From the top of the entries below through the line containing "Baterie externa cu", return every line exactly as written, please, and stop there.

RECORDED INFORMATION Block Start

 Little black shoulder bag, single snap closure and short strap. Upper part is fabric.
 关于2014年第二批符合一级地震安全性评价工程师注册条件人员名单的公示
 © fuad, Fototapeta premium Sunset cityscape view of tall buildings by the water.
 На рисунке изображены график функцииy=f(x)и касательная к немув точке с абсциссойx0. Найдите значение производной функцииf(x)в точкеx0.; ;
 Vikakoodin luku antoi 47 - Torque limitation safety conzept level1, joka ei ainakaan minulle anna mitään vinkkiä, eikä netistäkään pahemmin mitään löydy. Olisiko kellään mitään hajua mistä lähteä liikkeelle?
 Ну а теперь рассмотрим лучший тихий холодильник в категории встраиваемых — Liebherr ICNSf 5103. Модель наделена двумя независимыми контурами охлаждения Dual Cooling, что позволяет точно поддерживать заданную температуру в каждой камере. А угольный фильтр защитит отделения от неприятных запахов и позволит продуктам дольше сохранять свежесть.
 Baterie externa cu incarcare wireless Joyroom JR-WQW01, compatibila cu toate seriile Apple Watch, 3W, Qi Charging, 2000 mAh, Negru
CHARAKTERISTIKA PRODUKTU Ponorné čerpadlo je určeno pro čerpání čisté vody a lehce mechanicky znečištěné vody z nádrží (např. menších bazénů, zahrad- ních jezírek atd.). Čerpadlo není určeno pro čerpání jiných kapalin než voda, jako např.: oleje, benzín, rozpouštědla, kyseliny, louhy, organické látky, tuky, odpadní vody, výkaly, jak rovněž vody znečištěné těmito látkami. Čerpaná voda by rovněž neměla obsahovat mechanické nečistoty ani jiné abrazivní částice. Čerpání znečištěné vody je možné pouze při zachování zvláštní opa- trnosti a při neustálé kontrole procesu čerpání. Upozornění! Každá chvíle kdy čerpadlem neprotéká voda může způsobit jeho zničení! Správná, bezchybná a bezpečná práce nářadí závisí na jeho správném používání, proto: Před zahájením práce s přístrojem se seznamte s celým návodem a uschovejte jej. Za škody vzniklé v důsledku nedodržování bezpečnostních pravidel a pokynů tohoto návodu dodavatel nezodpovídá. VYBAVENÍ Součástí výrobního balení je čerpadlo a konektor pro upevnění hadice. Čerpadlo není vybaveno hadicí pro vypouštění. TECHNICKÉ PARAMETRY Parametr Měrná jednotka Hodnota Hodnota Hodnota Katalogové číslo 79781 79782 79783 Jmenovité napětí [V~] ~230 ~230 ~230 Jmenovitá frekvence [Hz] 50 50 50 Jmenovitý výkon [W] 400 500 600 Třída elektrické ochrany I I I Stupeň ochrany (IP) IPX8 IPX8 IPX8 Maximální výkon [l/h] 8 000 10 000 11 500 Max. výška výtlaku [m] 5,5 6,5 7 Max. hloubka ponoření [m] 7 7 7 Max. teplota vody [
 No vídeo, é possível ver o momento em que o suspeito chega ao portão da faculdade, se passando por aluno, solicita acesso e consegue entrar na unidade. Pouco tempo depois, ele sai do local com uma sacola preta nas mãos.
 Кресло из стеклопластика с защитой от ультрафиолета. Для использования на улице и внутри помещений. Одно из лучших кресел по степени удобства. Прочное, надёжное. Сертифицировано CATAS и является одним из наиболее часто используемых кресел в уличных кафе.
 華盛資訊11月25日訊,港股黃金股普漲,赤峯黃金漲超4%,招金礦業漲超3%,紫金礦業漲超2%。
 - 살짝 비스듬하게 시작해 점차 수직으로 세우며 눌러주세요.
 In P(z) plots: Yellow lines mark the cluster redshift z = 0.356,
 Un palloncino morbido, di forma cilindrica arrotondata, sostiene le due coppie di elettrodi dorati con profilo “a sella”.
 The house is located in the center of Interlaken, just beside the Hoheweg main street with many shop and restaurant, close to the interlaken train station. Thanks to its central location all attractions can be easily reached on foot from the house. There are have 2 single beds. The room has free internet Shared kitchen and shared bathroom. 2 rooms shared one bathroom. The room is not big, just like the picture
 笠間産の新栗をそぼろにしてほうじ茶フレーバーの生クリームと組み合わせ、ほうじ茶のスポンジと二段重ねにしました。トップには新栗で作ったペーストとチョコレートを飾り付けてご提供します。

RECORDED INFORMATION Block End

TASK RESULT >>
 Little black shoulder bag, single snap closure and short strap. Upper part is fabric.
 关于2014年第二批符合一级地震安全性评价工程师注册条件人员名单的公示
 © fuad, Fototapeta premium Sunset cityscape view of tall buildings by the water.
 На рисунке изображены график функцииy=f(x)и касательная к немув точке с абсциссойx0. Найдите значение производной функцииf(x)в точкеx0.; ;
 Vikakoodin luku antoi 47 - Torque limitation safety conzept level1, joka ei ainakaan minulle anna mitään vinkkiä, eikä netistäkään pahemmin mitään löydy. Olisiko kellään mitään hajua mistä lähteä liikkeelle?
 Ну а теперь рассмотрим лучший тихий холодильник в категории встраиваемых — Liebherr ICNSf 5103. Модель наделена двумя независимыми контурами охлаждения Dual Cooling, что позволяет точно поддерживать заданную температуру в каждой камере. А угольный фильтр защитит отделения от неприятных запахов и позволит продуктам дольше сохранять свежесть.
 Baterie externa cu incarcare wireless Joyroom JR-WQW01, compatibila cu toate seriile Apple Watch, 3W, Qi Charging, 2000 mAh, Negru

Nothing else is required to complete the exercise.